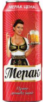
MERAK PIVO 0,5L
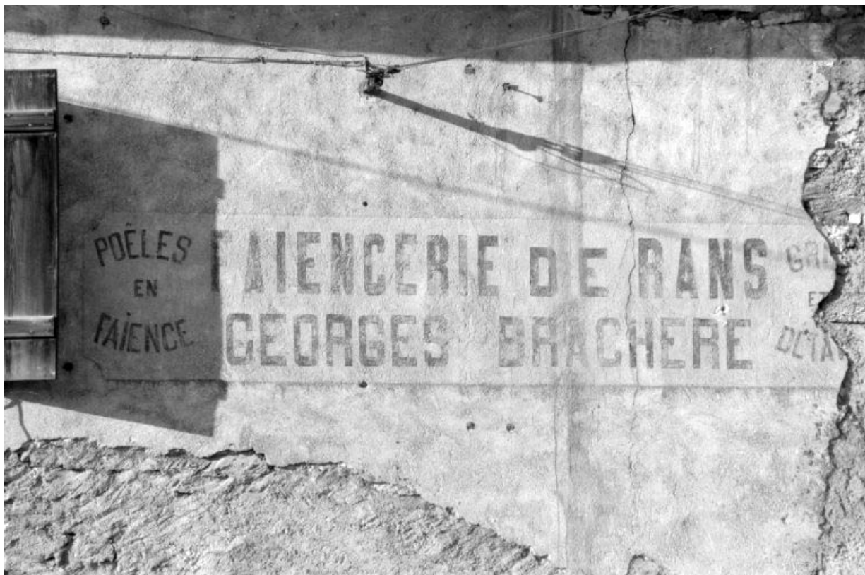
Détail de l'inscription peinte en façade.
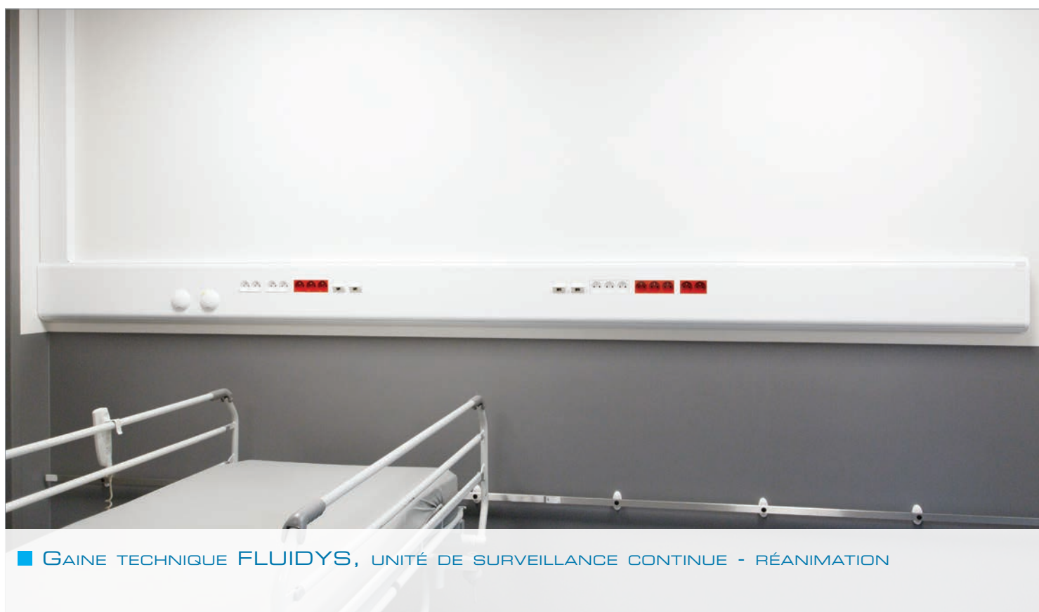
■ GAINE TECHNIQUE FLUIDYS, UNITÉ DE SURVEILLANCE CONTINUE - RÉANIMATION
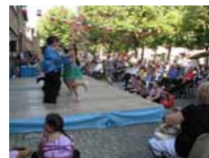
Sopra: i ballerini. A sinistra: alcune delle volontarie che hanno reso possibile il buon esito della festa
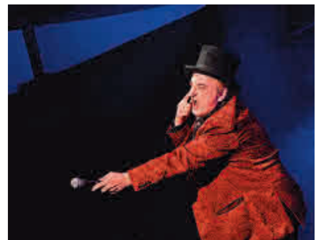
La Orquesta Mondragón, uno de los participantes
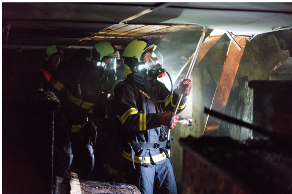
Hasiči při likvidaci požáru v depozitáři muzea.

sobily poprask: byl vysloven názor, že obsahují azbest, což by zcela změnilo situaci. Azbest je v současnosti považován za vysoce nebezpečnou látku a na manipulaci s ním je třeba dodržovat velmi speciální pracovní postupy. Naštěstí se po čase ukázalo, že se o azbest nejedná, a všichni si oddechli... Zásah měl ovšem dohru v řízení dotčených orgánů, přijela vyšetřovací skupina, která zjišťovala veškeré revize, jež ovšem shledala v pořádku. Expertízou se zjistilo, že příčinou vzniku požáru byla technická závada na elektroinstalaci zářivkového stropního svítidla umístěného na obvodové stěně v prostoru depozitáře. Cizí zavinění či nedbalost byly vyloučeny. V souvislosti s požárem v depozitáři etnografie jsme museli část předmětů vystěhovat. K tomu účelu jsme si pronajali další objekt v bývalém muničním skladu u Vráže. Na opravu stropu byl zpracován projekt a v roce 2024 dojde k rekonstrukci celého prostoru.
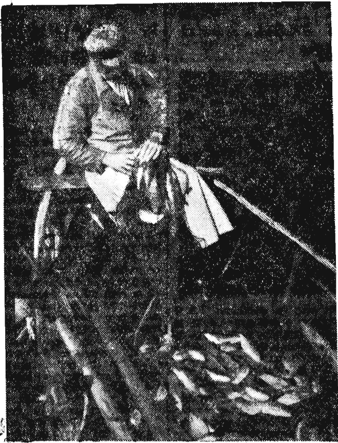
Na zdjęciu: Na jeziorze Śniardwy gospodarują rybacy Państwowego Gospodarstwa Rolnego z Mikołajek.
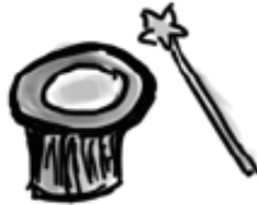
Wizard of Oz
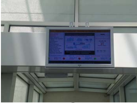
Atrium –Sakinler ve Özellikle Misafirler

:::

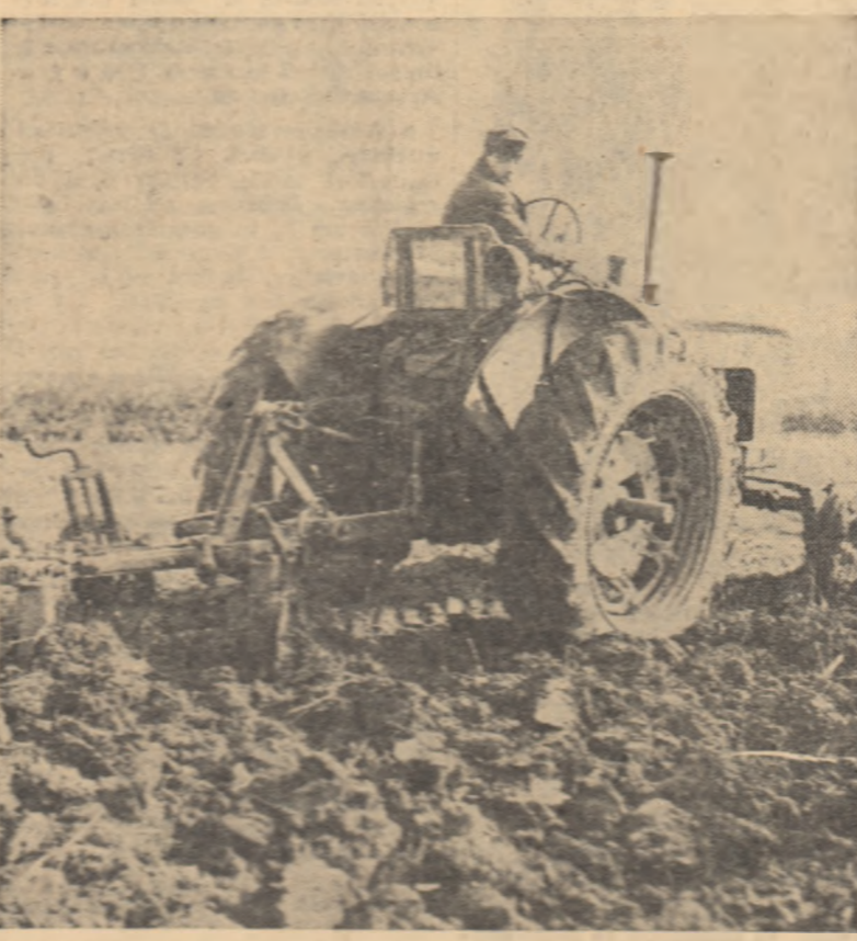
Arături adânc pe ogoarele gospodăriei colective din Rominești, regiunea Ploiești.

:::

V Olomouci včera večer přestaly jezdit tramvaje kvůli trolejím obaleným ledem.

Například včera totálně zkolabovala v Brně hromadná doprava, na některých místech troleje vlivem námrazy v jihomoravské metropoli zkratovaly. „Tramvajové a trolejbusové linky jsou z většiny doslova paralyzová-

:::

▶ **Problem**: Transcribe the lines above exactly, beginning at the one with "MERAK PIVO 0,5L" and ending at the one with "sobily poprask: byl". Include both; exclude the pictures.

▶ **Answer space**:
MERAK PIVO 0,5L
Détail de l'inscription peinte en façade.
■ GAINE TECHNIQUE FLUIDYS, UNITÉ DE SURVEILLANCE CONTINUE - RÉANIMATION
Sopra: i ballerini. A sinistra: alcune delle volontarie che hanno reso possibile il buon esito della festa
La Orquesta Mondragón, uno de los participantes
Hasiči při likvidaci požáru v depozitáři muzea.

sobily poprask: byl vysloven názor, že obsahují azbest, což by zcela změnilo situaci. Azbest je v současnosti považován za vysoce nebezpečnou látku a na manipulaci s ním je třeba dodržovat velmi speciální pracovní postupy. Naštěstí se po čase ukázalo, že se o azbest nejedná, a všichni si oddechli... Zásah měl ovšem dohru v řízení dotčených orgánů, přijela vyšetřovací skupina, která zjišťovala veškeré revize, jež ovšem shledala v pořádku. Expertízou se zjistilo, že příčinou vzniku požáru byla technická závada na elektroinstalaci zářivkového stropního svítidla umístěného na obvodové stěně v prostoru depozitáře. Cizí zavinění či nedbalost byly vyloučeny. V souvislosti s požárem v depozitáři etnografie jsme museli část předmětů vystěhovat. K tomu účelu jsme si pronajali další objekt v bývalém muničním skladu u Vráže. Na opravu stropu byl zpracován projekt a v roce 2024 dojde k rekonstrukci celého prostoru.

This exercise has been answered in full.